In the framework — essentially a fundamentalist religion — of global force and “preventive” war adopted by the Bush administration, the only place for diplomats was assumedly on the sidelines, holding the pens, as the enemy surrendered to the military. (Too bad, when we hit Baghdad, there was no one around to surrender, no way to put a John Hancock on our “victory.”) Otherwise, as classically happened in Iraq, where the State Department, despite copious planning for the postwar moment, was cut out of the process and left in the Kuwaiti or Washingtonian dust by Donald Rumsfeld’s Pentagon, all issues of diplomacy were essentially relegated to Wimp World. After all, as the infamous neocon slogan once went, “Everyone wants to go to Baghdad.
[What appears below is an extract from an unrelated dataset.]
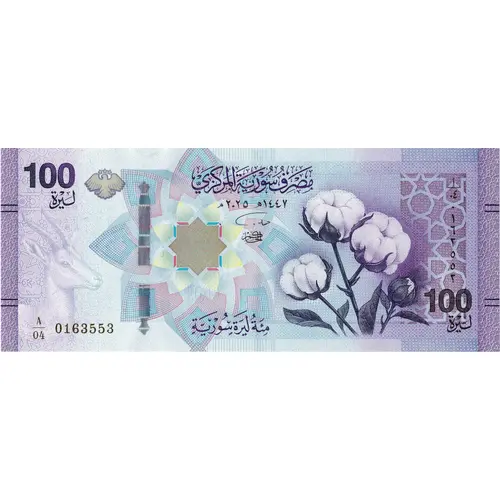 100 مصرف سورية المركزي ٢٠٢٥ 100 مائة ليرة سورية (Translation: Central Bank of Syria One Hundred Syrian Pounds) |

Real men want to go to Tehran.” And it was well known that diplomats were not “real men.”
Nowhere on the planet was a diplomat worth a sou. Not surprisingly, then, the two central figures in George W. Bush’s second-term diplomatic non-endeavors became his two key female enablers, Condoleezza Rice, now secretary of state, and Karen Hughes, now undersecretary for public diplomacy and public affairs. Not surprisingly, Rice has managed to do nothing of significance on our planet — even the great diplomatic “success” of this administration, its shaky deal with North Korea, was basically crafted by the Chinese on terms worse than could have been obtained years earlier — and Hughes, as diplomacy’s spinmeister, has managed to put less than no polish on our globally disastrous image.
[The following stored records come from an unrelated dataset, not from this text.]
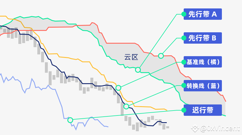 3. 迟行带(Lagging Span)后移指标:将目前价格向左平移26天的中轴慢线。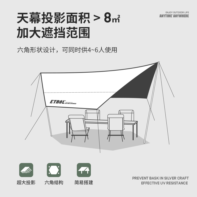 Etrol outdoor sky curtain ultra light screen fishing camping tent waterproof sunscreen awning camping portable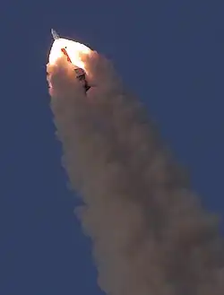 Also under NASA's CCDev program, SpaceX was awarded $75 million for the development of their own version of a "pusher" LAS.[6] Their Dragon 2 spacecraft uses its SuperDraco engines during a launch abort scenario. Although often referred to as a "pusher" arrangement since it lacks a tower, the Dragon 2 LAS removes both the capsule and its trunk together from the launch vehicle. The system is designed to abort with the SuperDraco engines at the top of the abort stack as occurs with a more traditional tractor LAS. The concept was first tested in a pad abort test conducted at SLC-40, Cape Canaveral Air Force Station, on May 6, 2015.[7] SpaceX tested the system on January 19, 2020, during a full-scale simulation of a Falcon 9 rocket malfunction at Kennedy Space Center Launch Complex 39, where it has later launched crews to the International Space Station.[8]

By now, of course, we’ve arrived at a moment in the Middle East so grim, so fraught with dangers, so at the edge of who knows what, with so many disparate crises merging, that it’s even occurred to Rice something must be done. As Tony Karon, senior editor at Time.com, and the creator of the Rootless Cosmopolitan blog points out, Rice has so far gotten a “free ride” here. Her approval ratings, until recently, hovered well above 50%, while the President’s were sinking close to 30%. Now, there’s desperate work to be done, and while the Saudis gear up, denouncing the “illegitimate foreign occupation” of Iraq, cancelling state dinners at the White House, consorting with the Iranians, and attempting to broker a deal between the Israelis and the Palestinians, Rice (and the U.S. media) remain mired what Karon calls a “fantasy” version of diplomacy. “They must serve up some pretty powerful Kool Aid in the press room down at Foggy Bottom,” he writes, “judging by U.S. media coverage of Condi Rice’s latest ‘Look Busy’ tour of the Middle East.” Don’t expect results.